Collected data:
------------------------------------------------

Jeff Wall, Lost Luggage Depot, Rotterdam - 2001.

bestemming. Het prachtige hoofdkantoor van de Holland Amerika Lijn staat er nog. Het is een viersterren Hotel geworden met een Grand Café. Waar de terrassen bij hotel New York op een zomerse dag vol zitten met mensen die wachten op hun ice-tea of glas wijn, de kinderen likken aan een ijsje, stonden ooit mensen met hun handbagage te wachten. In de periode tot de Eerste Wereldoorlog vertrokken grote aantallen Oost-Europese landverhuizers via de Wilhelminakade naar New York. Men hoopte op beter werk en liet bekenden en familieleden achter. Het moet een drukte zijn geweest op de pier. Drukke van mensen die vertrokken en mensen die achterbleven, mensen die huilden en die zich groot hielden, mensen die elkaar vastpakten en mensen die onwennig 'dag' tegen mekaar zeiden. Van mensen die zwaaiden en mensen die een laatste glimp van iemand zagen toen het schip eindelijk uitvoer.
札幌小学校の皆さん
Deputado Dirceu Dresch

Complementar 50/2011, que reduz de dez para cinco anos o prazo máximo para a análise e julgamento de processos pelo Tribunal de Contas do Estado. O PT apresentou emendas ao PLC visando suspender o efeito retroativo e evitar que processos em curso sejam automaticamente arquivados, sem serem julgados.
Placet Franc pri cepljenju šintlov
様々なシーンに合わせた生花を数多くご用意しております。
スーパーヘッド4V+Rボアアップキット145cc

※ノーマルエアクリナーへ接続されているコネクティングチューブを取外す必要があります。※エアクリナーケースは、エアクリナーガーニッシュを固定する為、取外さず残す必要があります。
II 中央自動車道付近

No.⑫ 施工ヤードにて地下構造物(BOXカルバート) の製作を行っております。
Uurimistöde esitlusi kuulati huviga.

------------------------------------------------

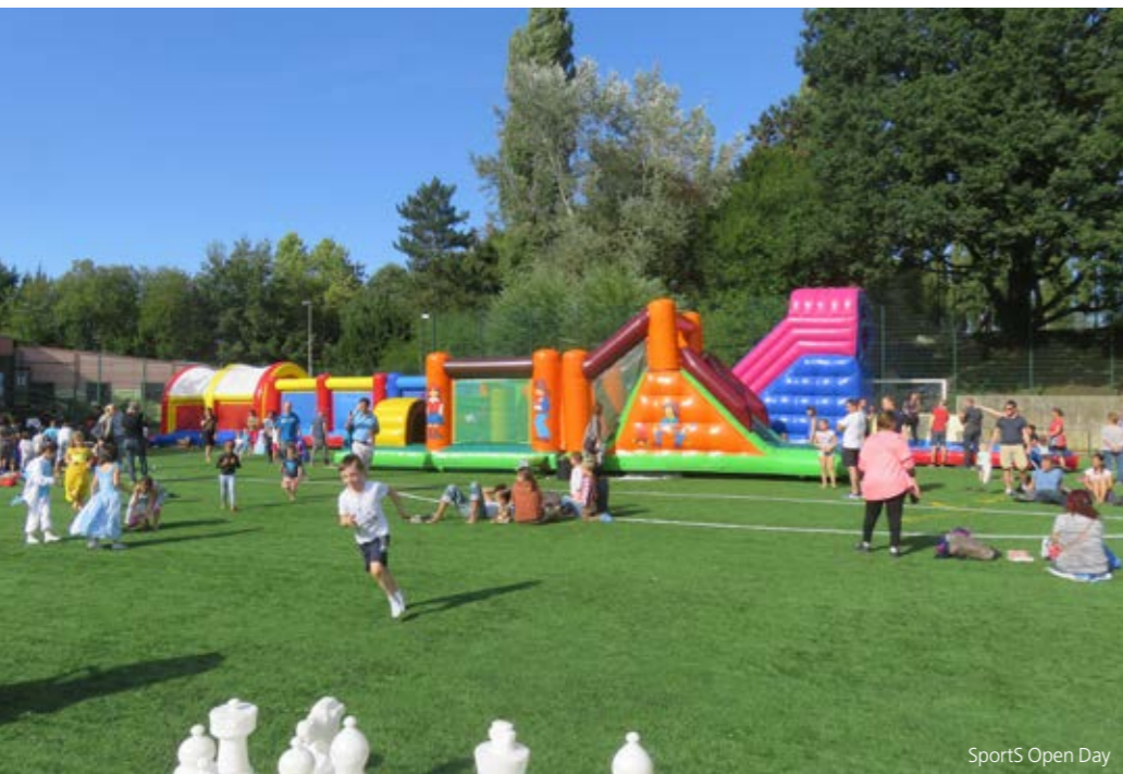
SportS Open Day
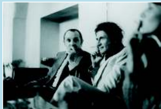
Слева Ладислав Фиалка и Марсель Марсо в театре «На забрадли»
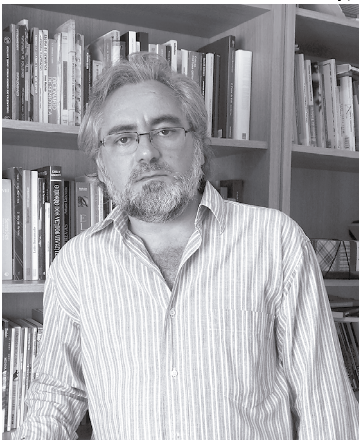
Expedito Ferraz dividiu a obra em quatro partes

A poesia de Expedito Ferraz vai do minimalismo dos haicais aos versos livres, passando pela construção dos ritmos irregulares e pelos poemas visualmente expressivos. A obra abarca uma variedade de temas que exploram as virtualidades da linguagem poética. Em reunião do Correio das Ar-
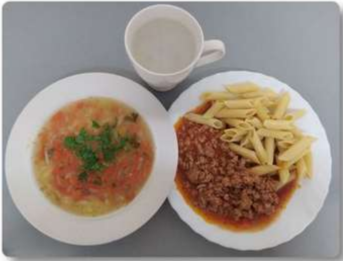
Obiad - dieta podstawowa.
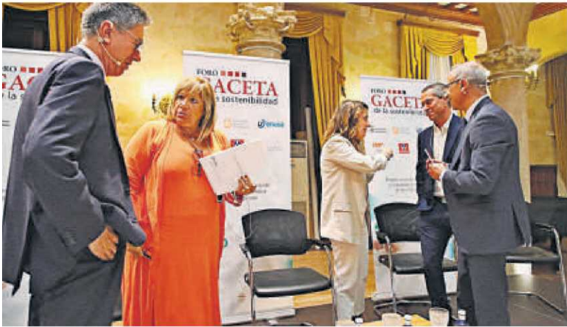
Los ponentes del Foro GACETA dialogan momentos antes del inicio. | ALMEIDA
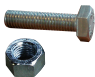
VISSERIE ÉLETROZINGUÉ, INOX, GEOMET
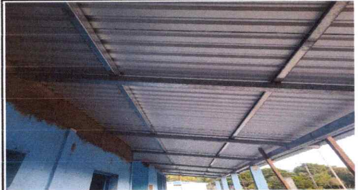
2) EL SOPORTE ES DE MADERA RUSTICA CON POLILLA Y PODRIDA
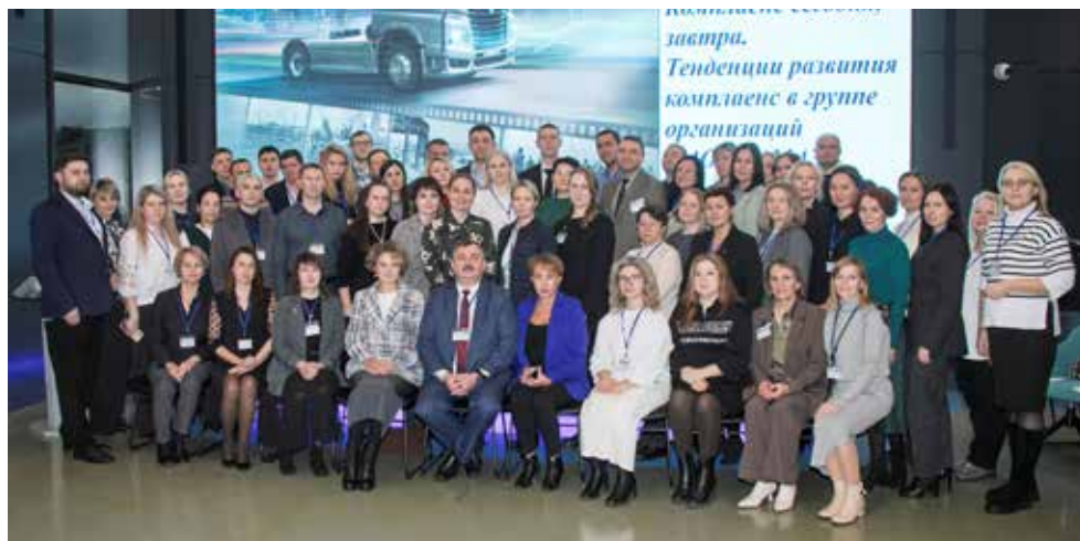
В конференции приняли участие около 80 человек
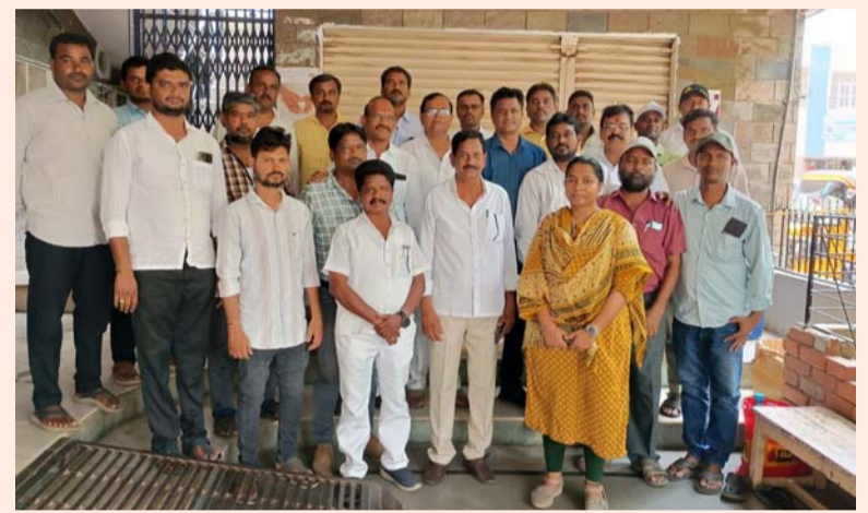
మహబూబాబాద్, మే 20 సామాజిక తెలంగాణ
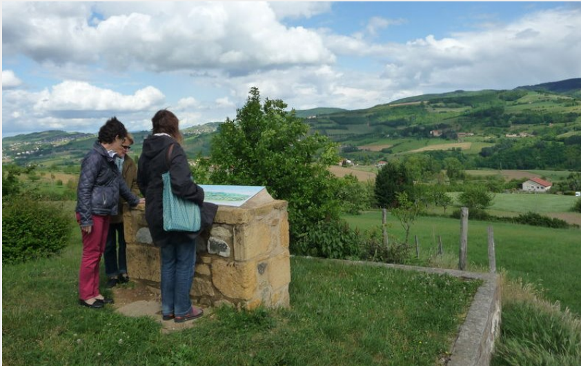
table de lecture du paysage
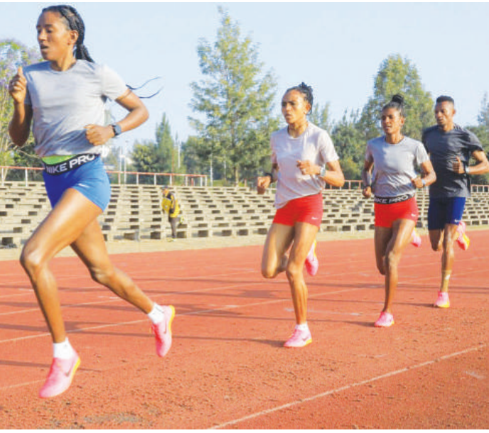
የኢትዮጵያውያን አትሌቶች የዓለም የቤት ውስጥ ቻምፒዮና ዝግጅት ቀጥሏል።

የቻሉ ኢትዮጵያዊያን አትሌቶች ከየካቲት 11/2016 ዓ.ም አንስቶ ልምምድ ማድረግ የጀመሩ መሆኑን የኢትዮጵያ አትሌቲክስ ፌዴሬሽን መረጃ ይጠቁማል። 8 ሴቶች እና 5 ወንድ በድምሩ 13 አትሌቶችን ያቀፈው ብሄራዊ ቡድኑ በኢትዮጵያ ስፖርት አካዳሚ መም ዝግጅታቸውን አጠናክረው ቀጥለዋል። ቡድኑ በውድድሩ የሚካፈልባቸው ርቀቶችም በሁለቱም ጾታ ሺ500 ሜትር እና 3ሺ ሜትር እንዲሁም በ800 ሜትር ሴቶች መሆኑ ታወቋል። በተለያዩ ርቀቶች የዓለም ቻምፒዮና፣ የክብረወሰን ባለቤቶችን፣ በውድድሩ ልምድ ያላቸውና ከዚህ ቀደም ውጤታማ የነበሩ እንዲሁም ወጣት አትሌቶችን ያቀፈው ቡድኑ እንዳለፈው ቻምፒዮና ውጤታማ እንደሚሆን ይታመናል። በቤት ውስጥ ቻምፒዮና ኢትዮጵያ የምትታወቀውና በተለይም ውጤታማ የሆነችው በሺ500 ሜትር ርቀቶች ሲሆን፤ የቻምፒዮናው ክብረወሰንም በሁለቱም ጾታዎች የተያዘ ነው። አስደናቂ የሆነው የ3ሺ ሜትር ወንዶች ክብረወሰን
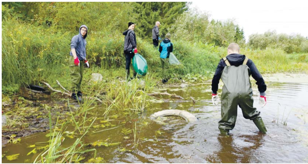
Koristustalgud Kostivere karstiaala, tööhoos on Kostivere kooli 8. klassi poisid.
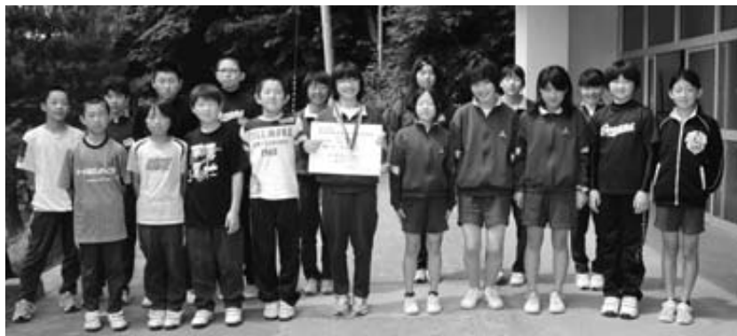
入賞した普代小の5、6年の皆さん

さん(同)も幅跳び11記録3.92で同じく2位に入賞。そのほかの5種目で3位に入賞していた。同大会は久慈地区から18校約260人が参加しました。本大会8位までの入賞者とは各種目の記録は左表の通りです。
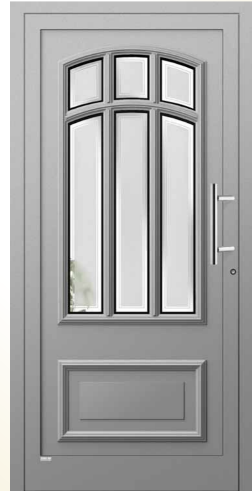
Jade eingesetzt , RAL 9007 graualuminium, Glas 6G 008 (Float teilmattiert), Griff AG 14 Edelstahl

------------------------------------------------

> What you will do:
In the records, which lines mention the word "አትሌቶች"? Copy those lines.

> Result of the task:
የኢትዮጵያውያን አትሌቶች የዓለም የቤት ውስጥ ቻምፒዮና ዝግጅት ቀጥሏል።
የቻሉ ኢትዮጵያዊያን አትሌቶች ከየካቲት 11/2016 ዓ.ም አንስቶ ልምምድ ማድረግ የጀመሩ መሆኑን የኢትዮጵያ አትሌቲክስ ፌዴሬሽን መረጃ ይጠቁማል። 8 ሴቶች እና 5 ወንድ በድምሩ 13 አትሌቶችን ያቀፈው ብሄራዊ ቡድኑ በኢትዮጵያ ስፖርት አካዳሚ መም ዝግጅታቸውን አጠናክረው ቀጥለዋል። ቡድኑ በውድድሩ የሚካፈልባቸው ርቀቶችም በሁለቱም ጾታ ሺ500 ሜትር እና 3ሺ ሜትር እንዲሁም በ800 ሜትር ሴቶች መሆኑ ታወቋል። በተለያዩ ርቀቶች የዓለም ቻምፒዮና፣ የክብረወሰን ባለቤቶችን፣ በውድድሩ ልምድ ያላቸውና ከዚህ ቀደም ውጤታማ የነበሩ እንዲሁም ወጣት አትሌቶችን ያቀፈው ቡድኑ እንዳለፈው ቻምፒዮና ውጤታማ እንደሚሆን ይታመናል። በቤት ውስጥ ቻምፒዮና ኢትዮጵያ የምትታወቀውና በተለይም ውጤታማ የሆነችው በሺ500 ሜትር ርቀቶች ሲሆን፤ የቻምፒዮናው ክብረወሰንም በሁለቱም ጾታዎች የተያዘ ነው። አስደናቂ የሆነው የ3ሺ ሜትር ወንዶች ክብረወሰን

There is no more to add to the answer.